**WHAT IS REQUIRED:**
Everything in the listing below must be set down again exactly, apart from the pictures.
##### SUPPLIED MATERIAL
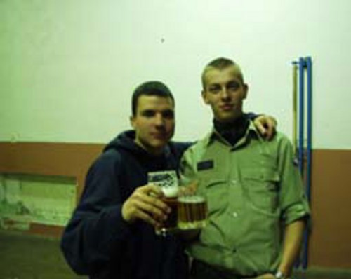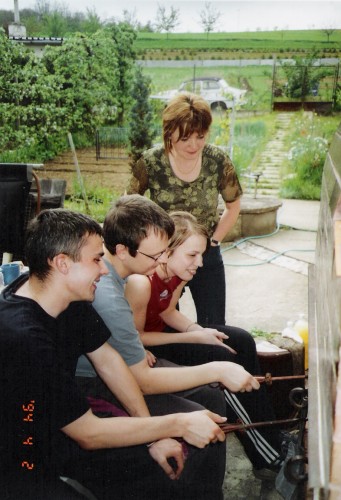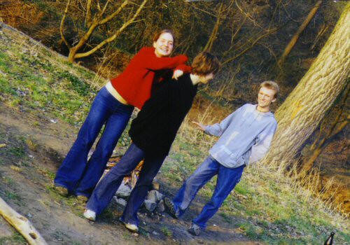 Fotka z 6. třídy - primy na gymnáziu. Vojta, já, Wossik a Ptáček
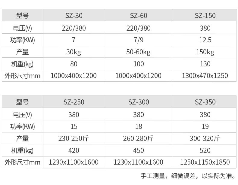 生产快,出品率高,型号多,投资规模可大可小,适用于个体、乡镇加工厂及城市食品加工。
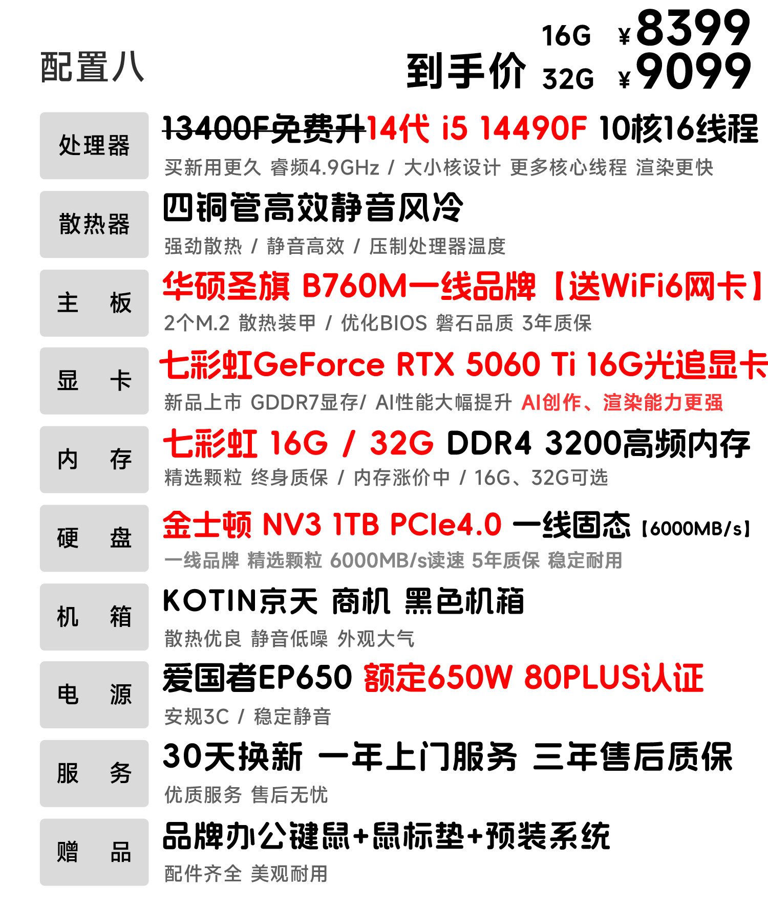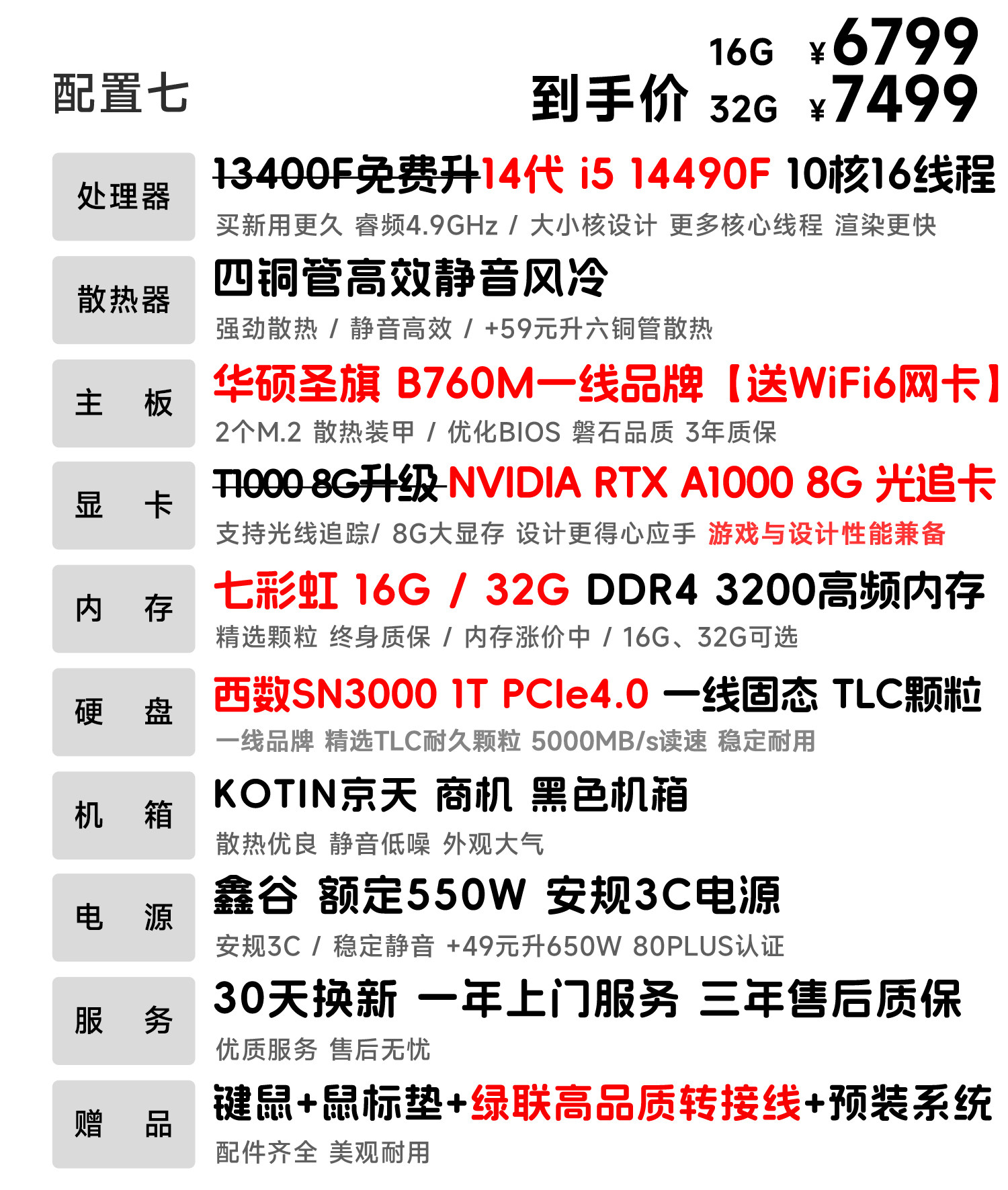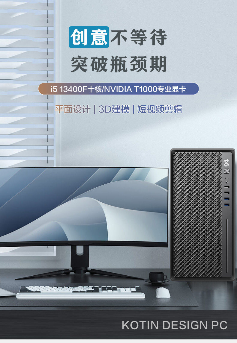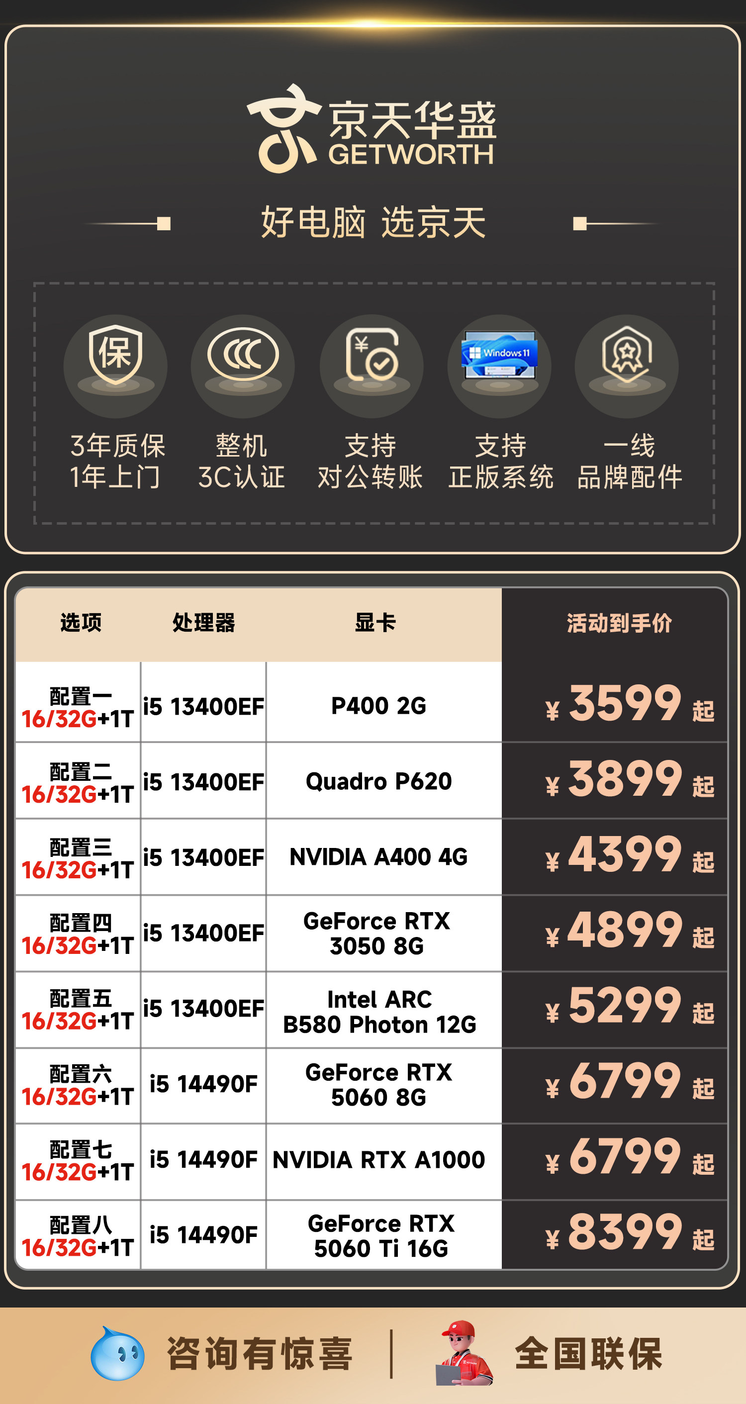 [10% National Subsidy]Jingtian Huasheng I5 14400F/A400/Rtx 5060 Ti/A1000 Designer Art Drawing Modeling Computer Host Video Editing Rendering Desktop Assembly Pc
##########
**ANSWER BOX:**
 Fotka z 6. třídy - primy na gymnáziu. Vojta, já, Wossik a Ptáček
 生产快,出品率高,型号多,投资规模可大可小,适用于个体、乡镇加工厂及城市食品加工。
 [10% National Subsidy]Jingtian Huasheng I5 14400F/A400/Rtx 5060 Ti/A1000 Designer Art Drawing Modeling Computer Host Video Editing Rendering Desktop Assembly Pc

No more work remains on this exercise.